SOURCE DATA.
BEGIN

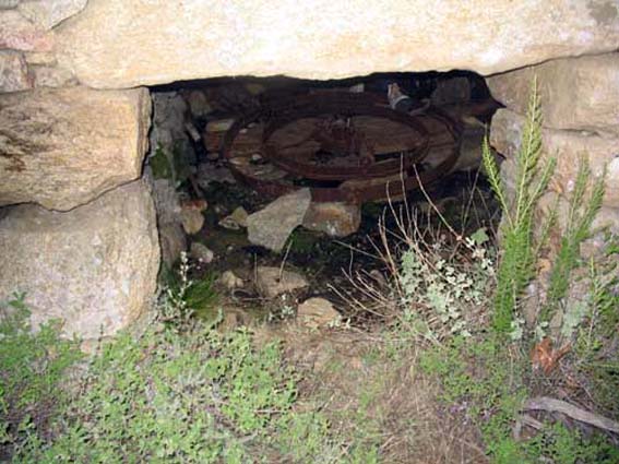 1) από τη βάση που στήριζε τον φούρνο, και που ήταν ένα χτιστό κατασκεύασμα με υποδοχές, για αποθήκευση ξύλων ή εργαλείων.
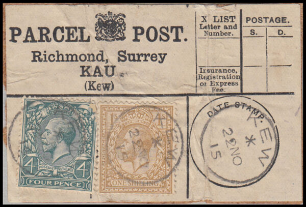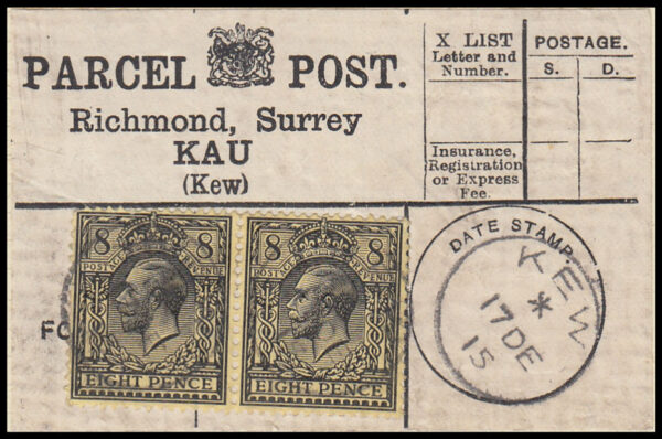 SG390 1915 8d. Royal Cypher on Kew Parcel Post label.
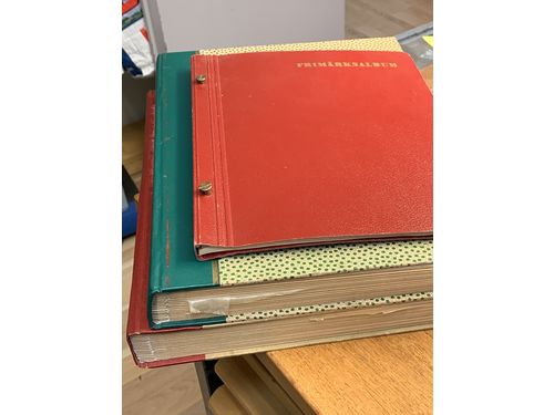 Sweden. Miscellaneous. Lot. Box with e.g. insured covers from ca.1930, unused picture post cards from the exhibition in.. Read more Sweden. Miscellaneous. Lot. Box with e.g. insured covers from ca.1930, unused picture post cards from the exhibition in Stockholm 1930, 4 skill blue in two parts before cancellation on cover to Gagnef, cancelled 7.X.1856 + three other covers. All with content + three albums sparsely filled with stamps. Please see a selection of scans at www.philea.se. Show less
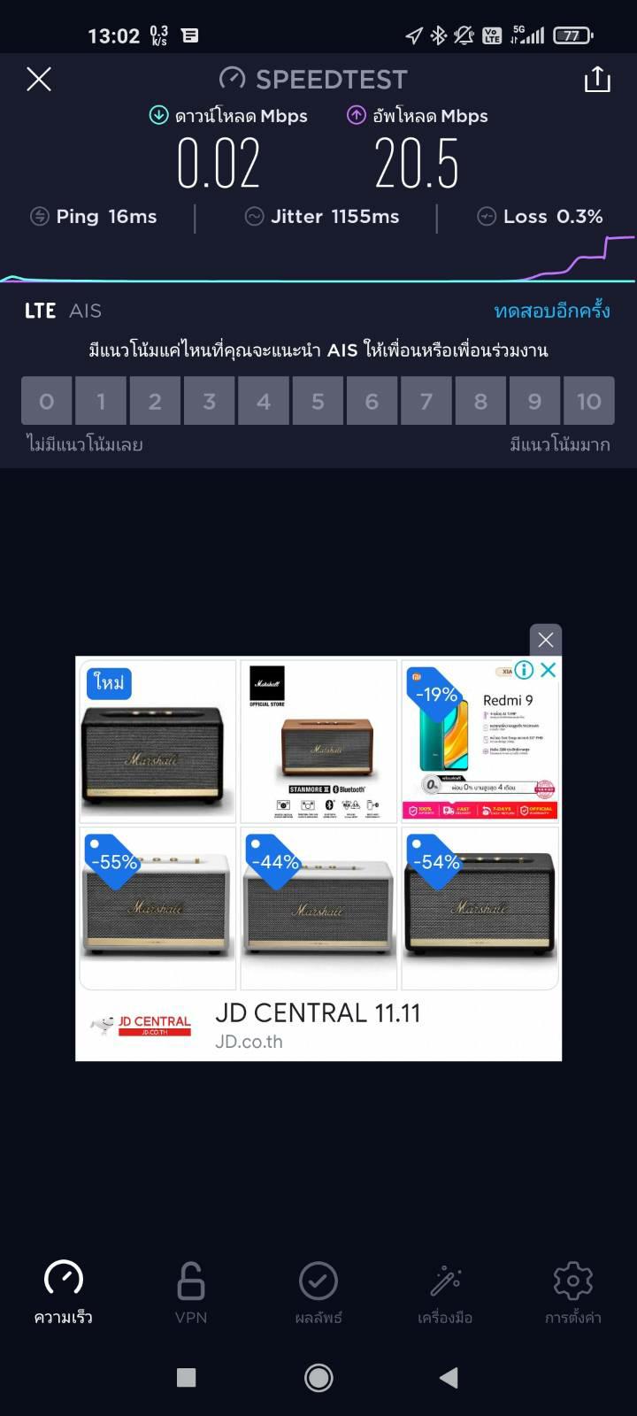 ผมลงทุนซื้อแพ็กเกจ 5G ของเอไอเอส มาลองใช้ปรากฏว่าความเร็วที่ได้ไม่ถึงเมก แถมเน็ตหลุดบ่อยมาก ใช้กับเครื่อง Xiaomi Mi 10T pro อยากได้เงินค่าแพ็คเกจคืนมาก แถมให้ส่งเรื่องตรวจสอบใช้เวลาตรวจสอบนานมาก ส่งไปเมื่อวันที่12 จะทราบผล 25 พ.ย. ตอนสมัครก็มีปัญญาใช้เวลาแก้ปัญหาตั้งสามวัน แถมแก้เสร็จไม่บอกอะไรสักอย่าง ไม่ชี้แจงเหตุผลอะไรกลับมาเลย

END

Retype the full listing exactly; pictures stay out.

FINAL ANSWER.
 1) από τη βάση που στήριζε τον φούρνο, και που ήταν ένα χτιστό κατασκεύασμα με υποδοχές, για αποθήκευση ξύλων ή εργαλείων.
 SG390 1915 8d. Royal Cypher on Kew Parcel Post label.
 Sweden. Miscellaneous. Lot. Box with e.g. insured covers from ca.1930, unused picture post cards from the exhibition in.. Read more Sweden. Miscellaneous. Lot. Box with e.g. insured covers from ca.1930, unused picture post cards from the exhibition in Stockholm 1930, 4 skill blue in two parts before cancellation on cover to Gagnef, cancelled 7.X.1856 + three other covers. All with content + three albums sparsely filled with stamps. Please see a selection of scans at www.philea.se. Show less
 ผมลงทุนซื้อแพ็กเกจ 5G ของเอไอเอส มาลองใช้ปรากฏว่าความเร็วที่ได้ไม่ถึงเมก แถมเน็ตหลุดบ่อยมาก ใช้กับเครื่อง Xiaomi Mi 10T pro อยากได้เงินค่าแพ็คเกจคืนมาก แถมให้ส่งเรื่องตรวจสอบใช้เวลาตรวจสอบนานมาก ส่งไปเมื่อวันที่12 จะทราบผล 25 พ.ย. ตอนสมัครก็มีปัญญาใช้เวลาแก้ปัญหาตั้งสามวัน แถมแก้เสร็จไม่บอกอะไรสักอย่าง ไม่ชี้แจงเหตุผลอะไรกลับมาเลย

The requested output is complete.